[Given information]
▼

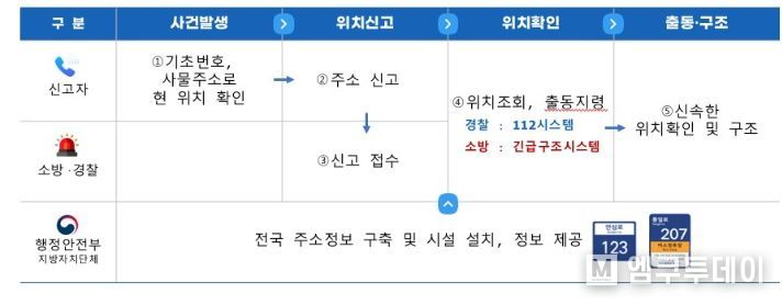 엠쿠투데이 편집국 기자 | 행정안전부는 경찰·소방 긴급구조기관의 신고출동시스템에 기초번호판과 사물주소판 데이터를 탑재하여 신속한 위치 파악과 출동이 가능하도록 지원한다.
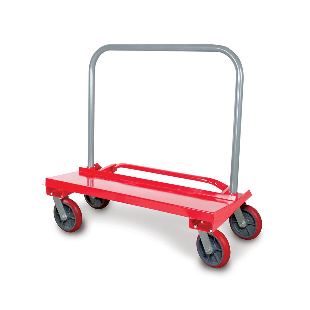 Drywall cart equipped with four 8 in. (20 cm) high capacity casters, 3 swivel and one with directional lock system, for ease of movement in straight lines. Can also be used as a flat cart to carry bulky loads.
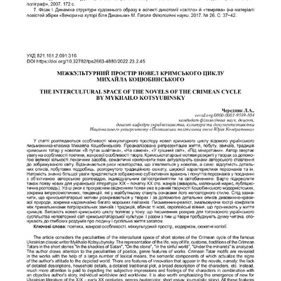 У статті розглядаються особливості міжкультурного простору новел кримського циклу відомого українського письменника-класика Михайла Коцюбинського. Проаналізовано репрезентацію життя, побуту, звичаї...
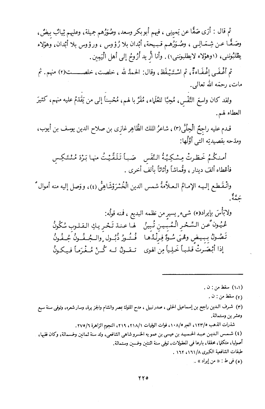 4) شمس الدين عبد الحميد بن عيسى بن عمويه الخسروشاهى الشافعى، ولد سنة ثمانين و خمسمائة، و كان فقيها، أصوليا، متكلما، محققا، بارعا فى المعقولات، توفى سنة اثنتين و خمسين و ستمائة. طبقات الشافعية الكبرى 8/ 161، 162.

▲

[Assigned task] Your answer is the exact run of lines above from the one with "Drywall cart equipped" through the one with "У статті розглядаються", both ends included, minus any picture.

[Answer section]
 Drywall cart equipped with four 8 in. (20 cm) high capacity casters, 3 swivel and one with directional lock system, for ease of movement in straight lines. Can also be used as a flat cart to carry bulky loads.
 У статті розглядаються особливості міжкультурного простору новел кримського циклу відомого українського письменника-класика Михайла Коцюбинського. Проаналізовано репрезентацію життя, побуту, звичаї...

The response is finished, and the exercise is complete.